This dataset contains data that show different facets of the spatial and temporal distribution of surface water over the last 32 years. In this notebook, we'll demonstrate how to access and work with this data through the Planetary Computer.
import pystac_client
from matplotlib.colors import ListedColormap
import rasterio
import rasterio.mask
import numpy as np
import pystac
import planetary_computer
The datasets hosted by the Planetary Computer are available from Azure Blob Storage.
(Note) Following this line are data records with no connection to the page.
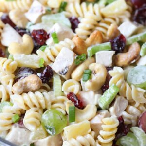 I’ve brought this pasta salad to so many get togethers and I always leave with an empty bowl – everyone loves it! With spiral pasta, cooked chicken, fresh fruit, salty crunchy cashews, and a creamy dressing, it’s loaded with texture and flavor. Sort of reminds me of a cross between my broccoli salad and chicken salad. Sweet and savory combos are always the best!
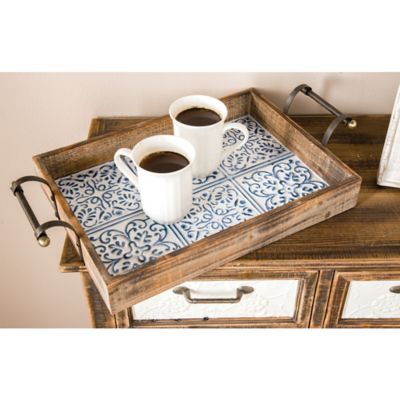 Harper & Willow 2 pc. Wood Farmhouse Tray Set, Assorted, Brown
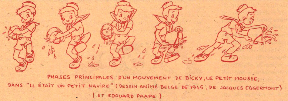 The character of the little sailor Bicky was created by Jacques Eggermont and Eddy Paape for an illustrated story on "how to make an animated cartoon" in Feu Sacré magazine (1947).
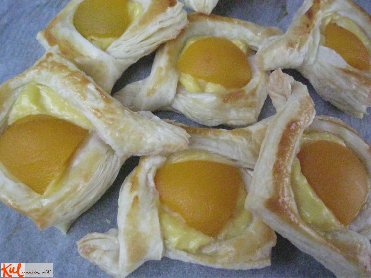 preprosta poslastica iz listnatega testa z vanilijevo kremo in marelicami
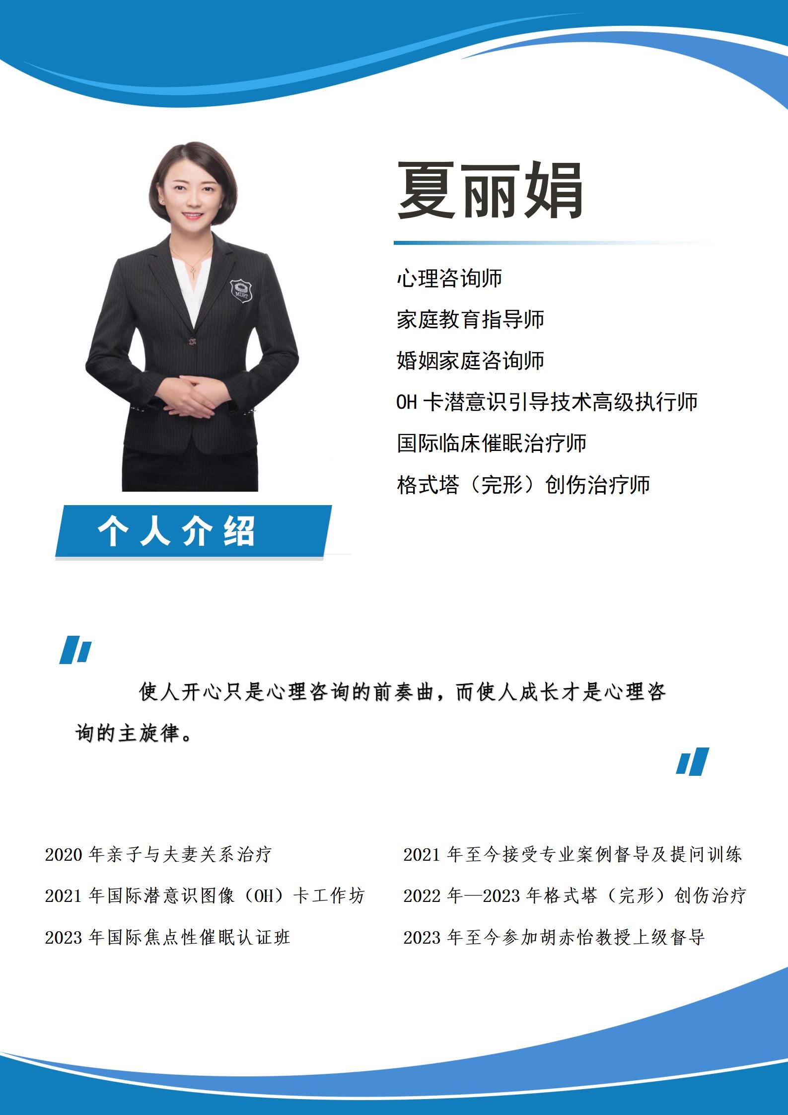 金玉心理咨询师夏丽娟老师简介

We'll use pystac-client to search the Planetary Computer's STAC API for the subset of the data that we care about, and then we'll load the data directly from Azure Blob Storage. We'll specify a modifier
so that we can access the data stored in the Planetary Computer's private Blob Storage Containers. See Reading from the STAC API and Using tokens for data access for more.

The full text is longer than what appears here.